Since yesterday I talked about my live-tweeting experience, I thought I'd focus on the substantive issues of the conference.

Specialist communities: My favorite event of the conference was the Paramount theater reception, hosted by Indiana University Press and the Silent Film SIG. Not only was the venue terrific, there was a palpable sense of scholarly community united around substantive issues in addition to social ties. It made me wish I worked on silent cinema, even. I do think SIGs will take on an increased role in the conference. I wonder how scholars of sound-era classical Hollywood will fit in, since the SIGs are often implicitly defined in reaction against US/classical cinema, which serves as the center in the core-perphery model.

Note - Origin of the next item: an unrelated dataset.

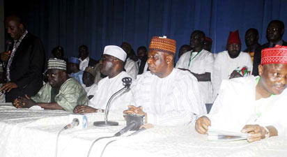 *New PDP: From Left, Rivers State Governor Rotimi Amechi , Niger State Governor Aliyu Babangida , Former Vice President Atiku Abubakar , New PDP Factional National Chairman Abubakar Kawu Baraje, Kano State Governor Rabiu Kawankwazo at Press conference announcing new PDP Factional Leadership in Abuja. Photo by Gbemiga Olamikan.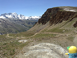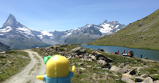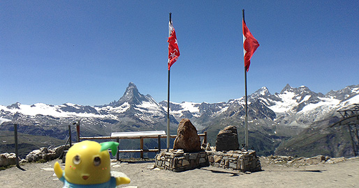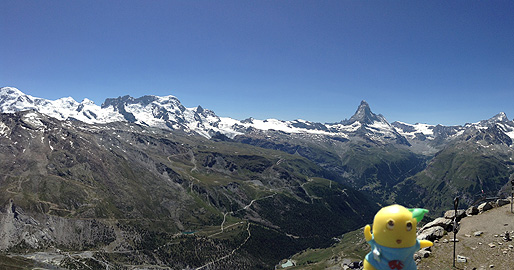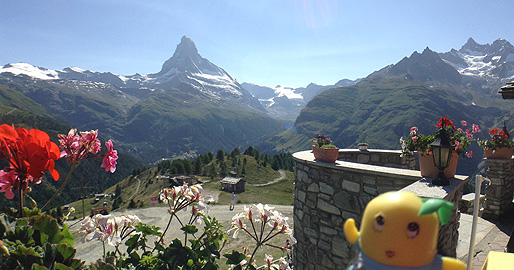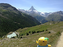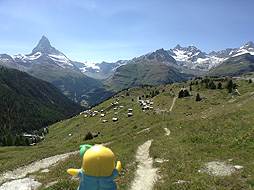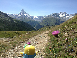 スネガまでは、マッターホルンを正面にみながらの簡単なハイキングコースなっしー。ここもよく団体さんが歩いているのを良く見るなっしなー。

The generalist dilemma: Each year, the conference grows and by now it's just a given that my experience of the conference is just a tiny fraction of the possible panels and papers. I decided this year not to focus narrowly on topics I research; I did go to a couple of documentary panels specifically to match my research interests but otherwise attended a number of national cinema/transnational studies panels and film theory panels. It was invigorating to be exposed to research agendas outside my own particular specialization. At the same time, there are are real drawbacks to a diffuse selection, and part of me thinks I'd be better off taking James Wicks' strategy of choosing panels in a highly focus manner based on my research interests. This dilemma is just a microcosm of the growing pains the conference is experiencing. No one likes the idea of balkanization of SCMS, but in practice, it's near impossible to effectively transcend sub-disciplinary specialization.

Transnational Studies: The transnational panels were well attended and had a particular vitality to them. My initial impression is that the success of transnational film studies has to do not only with the theoretical excitement around transnationality as a concept, but also the fact that transnational studies allows area studies scholars to gain a critical mass. The community of those working on, say, Central European, Latin American, or East Asian cinemas may be limited in size at SCMS, but transnational studies allows these groups to see common areas of inquiry.

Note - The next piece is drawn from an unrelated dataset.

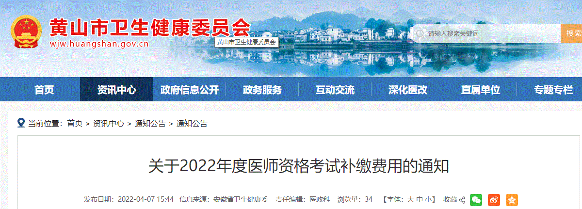 安徽黃山市2022年度醫(yī)師資格考試補繳費用的通知!

Programming: I'd highly recommend the recent Aca-Media podcast for the interviews with Angelo Restivo (Program Committee) and Bruce Brasell (scheduler). Some of the information about conference selection is on the SCMS website, but the interviewees go into fuller detail about submission and scheduling. And there's a good discussion of 4 v. 5 day conference issue the role of SIGs and other key issues.

Workshops/Panel format: I have seen a number of people, often on the media studies side, tout the workshop as a superior format and call for the demise of traditional panels. From my experience as this conference, there was absolutely no consistency in the amount or vitality of discussion based on format. Some panels had more dynamic conversation (though admittedly those with only 3 papers did better on this score) and some workshops had a very panel-y dynamic. And some of the highlights for me were papers read verbatim in that boring, old fashioned way. As Kathleen Newman's excellent talk (on nostalgia for collectivity in recent Chilean cinema) showed, reading a paper is not incompatible with good delivery.  At the same time, Eric Hoyt's dynamic presentation during my workshop was exciting and made me think I need to step my game up in presenting at conferences. (He was a hard act to follow.)

What I Wished I Saw: More panels on film theory; more classical Hollywood papers; a number of documentary papers I missed; about ten panels that were going on during my workshop time slot. I understand why the plenary panel and/or keynote went away, but it would be nice to have a scholarly experience that attendees could have in common. At least if SCMS is going to hold to the ideal that the field cannot be split into subconferences or tracks.